---------- Data section

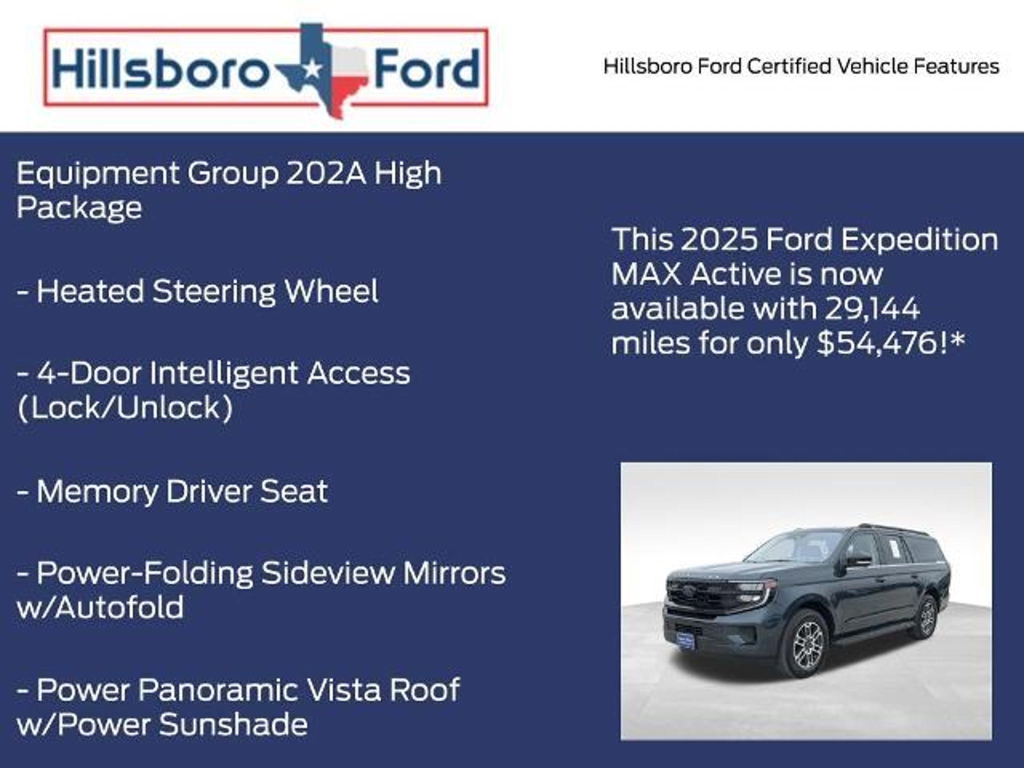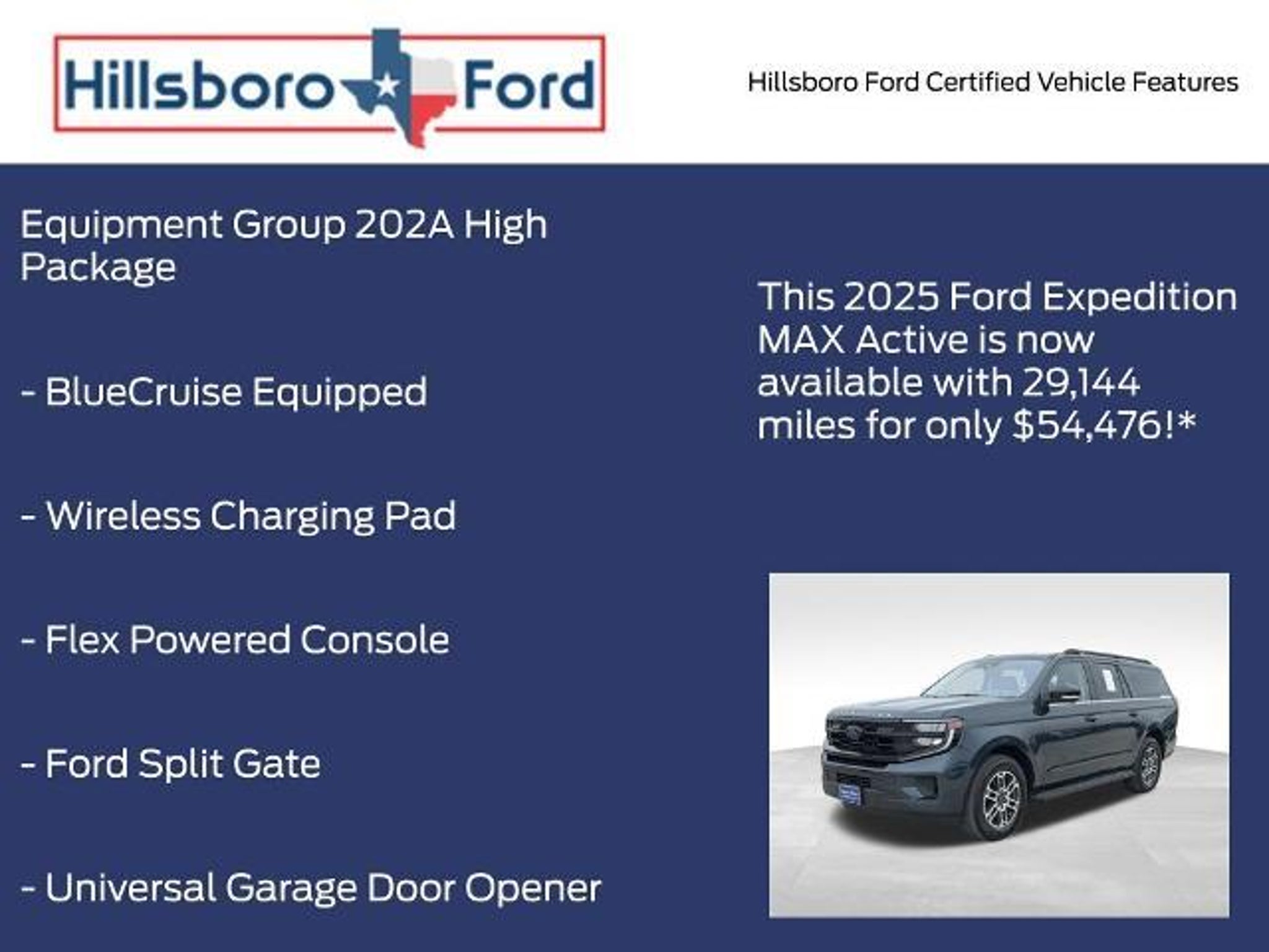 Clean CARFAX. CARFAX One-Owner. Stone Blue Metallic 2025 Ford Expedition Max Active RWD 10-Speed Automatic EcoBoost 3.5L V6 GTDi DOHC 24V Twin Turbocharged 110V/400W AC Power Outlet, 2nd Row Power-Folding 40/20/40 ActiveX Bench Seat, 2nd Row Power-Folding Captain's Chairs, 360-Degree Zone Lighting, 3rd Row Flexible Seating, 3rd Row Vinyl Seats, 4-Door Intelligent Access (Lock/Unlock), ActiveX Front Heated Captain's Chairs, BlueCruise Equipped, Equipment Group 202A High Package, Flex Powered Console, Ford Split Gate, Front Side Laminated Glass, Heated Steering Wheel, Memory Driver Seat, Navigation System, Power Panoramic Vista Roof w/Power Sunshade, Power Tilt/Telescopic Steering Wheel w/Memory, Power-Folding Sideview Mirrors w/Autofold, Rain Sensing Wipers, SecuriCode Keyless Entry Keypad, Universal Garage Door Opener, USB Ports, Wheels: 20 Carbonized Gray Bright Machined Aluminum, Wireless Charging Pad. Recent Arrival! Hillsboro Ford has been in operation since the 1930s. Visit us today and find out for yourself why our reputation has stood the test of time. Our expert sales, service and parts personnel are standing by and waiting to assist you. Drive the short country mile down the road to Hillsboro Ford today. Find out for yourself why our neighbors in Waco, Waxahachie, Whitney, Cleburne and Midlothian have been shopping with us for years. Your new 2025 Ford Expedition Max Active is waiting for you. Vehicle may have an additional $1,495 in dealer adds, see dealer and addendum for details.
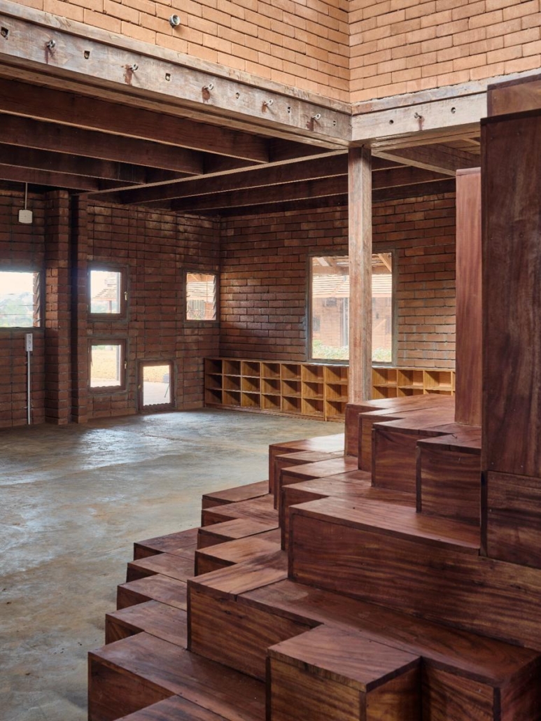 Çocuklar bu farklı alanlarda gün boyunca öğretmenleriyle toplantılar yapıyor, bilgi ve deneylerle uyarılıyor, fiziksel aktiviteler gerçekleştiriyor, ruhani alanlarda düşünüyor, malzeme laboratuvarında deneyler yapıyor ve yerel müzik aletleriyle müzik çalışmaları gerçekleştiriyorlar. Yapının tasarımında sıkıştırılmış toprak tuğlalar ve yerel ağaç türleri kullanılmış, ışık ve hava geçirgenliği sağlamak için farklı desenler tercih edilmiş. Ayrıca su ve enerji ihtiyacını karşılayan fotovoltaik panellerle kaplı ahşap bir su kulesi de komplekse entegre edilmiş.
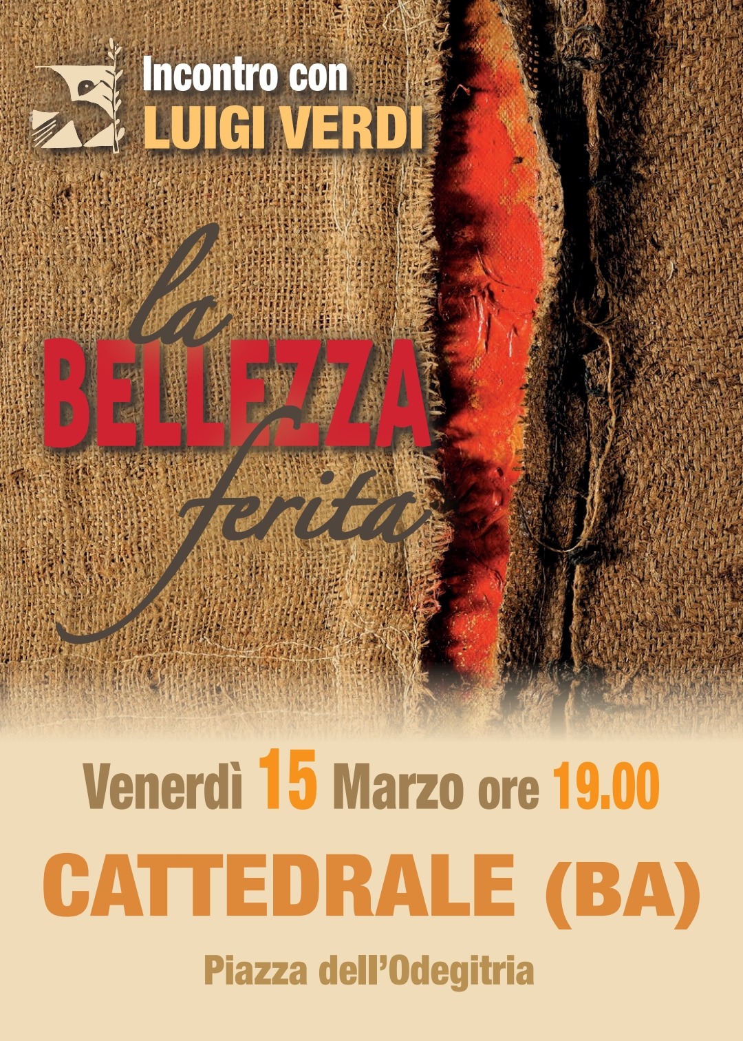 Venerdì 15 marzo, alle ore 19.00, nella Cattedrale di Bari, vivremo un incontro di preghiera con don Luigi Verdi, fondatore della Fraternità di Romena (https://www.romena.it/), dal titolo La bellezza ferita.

--------------------

-- Task item --
Transcribe the lines that run from the line bearing "Çocuklar bu farklı" through the last line of the data. Keep the wording exact and leave out every picture.

-- Task output --
 Çocuklar bu farklı alanlarda gün boyunca öğretmenleriyle toplantılar yapıyor, bilgi ve deneylerle uyarılıyor, fiziksel aktiviteler gerçekleştiriyor, ruhani alanlarda düşünüyor, malzeme laboratuvarında deneyler yapıyor ve yerel müzik aletleriyle müzik çalışmaları gerçekleştiriyorlar. Yapının tasarımında sıkıştırılmış toprak tuğlalar ve yerel ağaç türleri kullanılmış, ışık ve hava geçirgenliği sağlamak için farklı desenler tercih edilmiş. Ayrıca su ve enerji ihtiyacını karşılayan fotovoltaik panellerle kaplı ahşap bir su kulesi de komplekse entegre edilmiş.
 Venerdì 15 marzo, alle ore 19.00, nella Cattedrale di Bari, vivremo un incontro di preghiera con don Luigi Verdi, fondatore della Fraternità di Romena (https://www.romena.it/), dal titolo La bellezza ferita.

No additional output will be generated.